Powell "will likely strike a tone of cautious patience, reiterating that policy remains data dependent," Daco said.

While economists have warned that Trump's tariffs would fuel inflation and weigh on economic growth, supporters of Trump's policies argue the president's plans for tax cuts next year will boost the economy.

On the Fed's path ahead, HSBC Global Research said: "Weak labor market data could lead to larger cuts, while elevated inflation would tend to imply the opposite."

For now, analysts expect the central bank to slash rates two more times this year, beginning in September.

The Fed is likely to be eyeing data over the summer for inflationary pressures from tariffs, said Ryan Sweet, chief US economist at Oxford Economics.

"They want to make sure that they're reading the tea leaves correctly," he said.

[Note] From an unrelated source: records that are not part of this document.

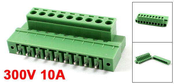Product Name Plmiuggable Ternal Block Model 2EDGKM Type Single Rows, 9 Pins Pin Pith 5.08mm Rated Voltage 300V 10A Total Size 5.7 x 2.3 x 1.5cm/ 2.2" x 0.9" x 0.6"(L*W*H) Material Metal, Plastic Color Green Weight 19g Package Content Pair x Terminal Block - Reviews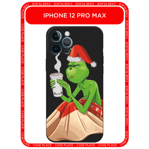 Черный матовый чехол на Apple iPhone 12 Pro Max / Айфон 12 Про Макс с принтом Похититель Рождества отдыхает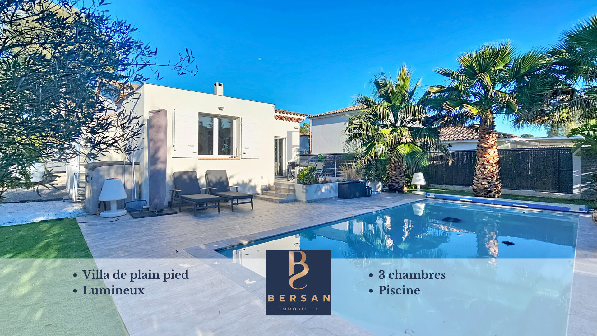 Votre agence BERSAN Immobilier vous propose cette belle villa de plain pied, entièrement rénovée située dans un quartier résidentiel et au calme. On dispose d'un confortable et très lumineux séjour/salle à manger donnant, par de larges baies, sur la terrasse plein Sud avec vue sur la piscine chauffée. La cuisine américaine équipée est récente et offre de nombreux rangements auxquels s'ajoute un espace buanderie. Dans l'espace nuit, on profite de 2 chambres, de WC indépendants, d'u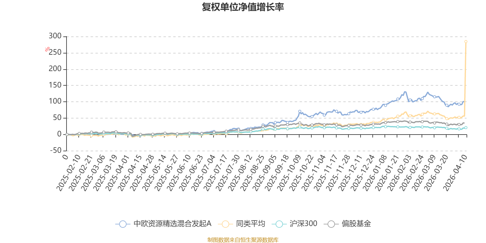 截至4月9日,中欧资源精选混合发起A近三个月复权单位净值增长率为3.50%,位于同类可比基金29/49;近半年复权单位净值增长率为16.96%,位于同类可比基金25/49;近一年复权单位净值增长率为100.80%,位于同类可比基金11/48。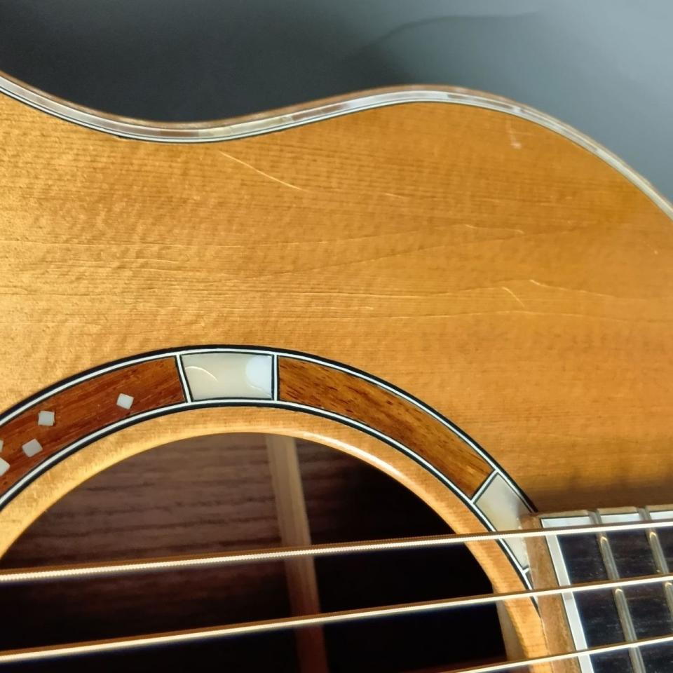 弾いた瞬間にこれはいいギターだと感動したスタッフが南部氏に無理をお願いして店頭販売用に頂いた形になります。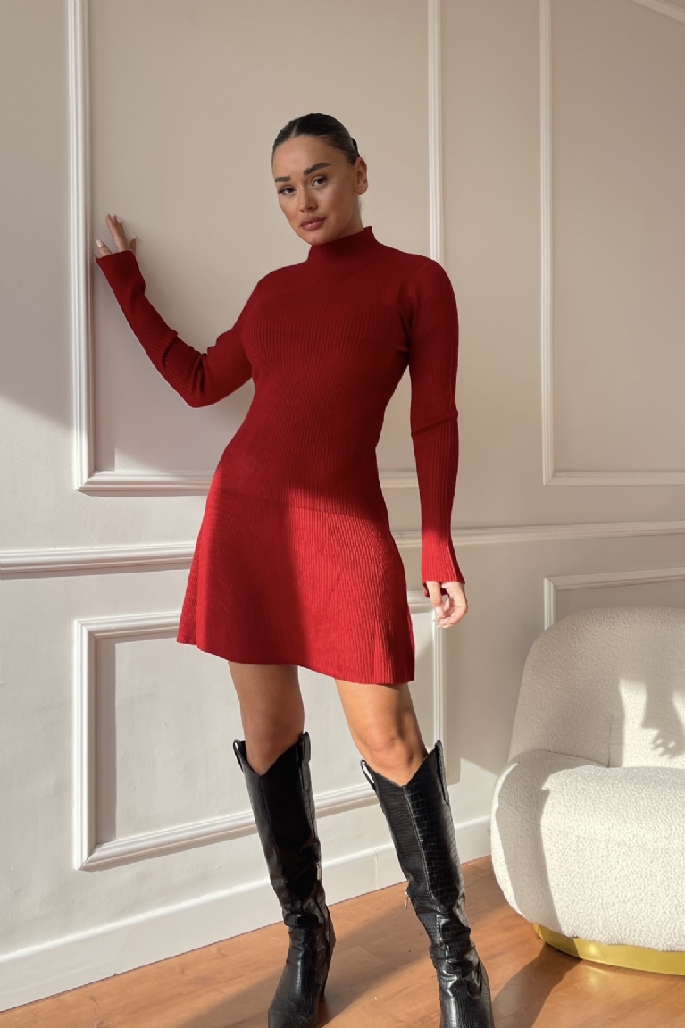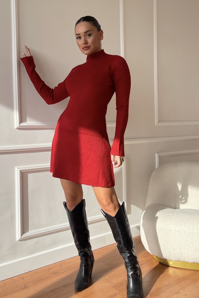 Φόρεμα Πλεκτό Mini Ζιβάγκο - Μπορντό

Swonk warned the US economy is in a different place than during the Covid-19 pandemic, which could change how consumers react to price increases.

During the pandemic, government stimulus payments helped households cushion the blow from higher costs, allowing them to keep spending.

It is unclear if consumers, a key driver of the economy, will keep their dollars flowing this time, meaning demand could collapse and complicate the Fed's calculus.

"If this had been a world without tariffs, the Fed would be cutting right now. There's no question," Swonk said.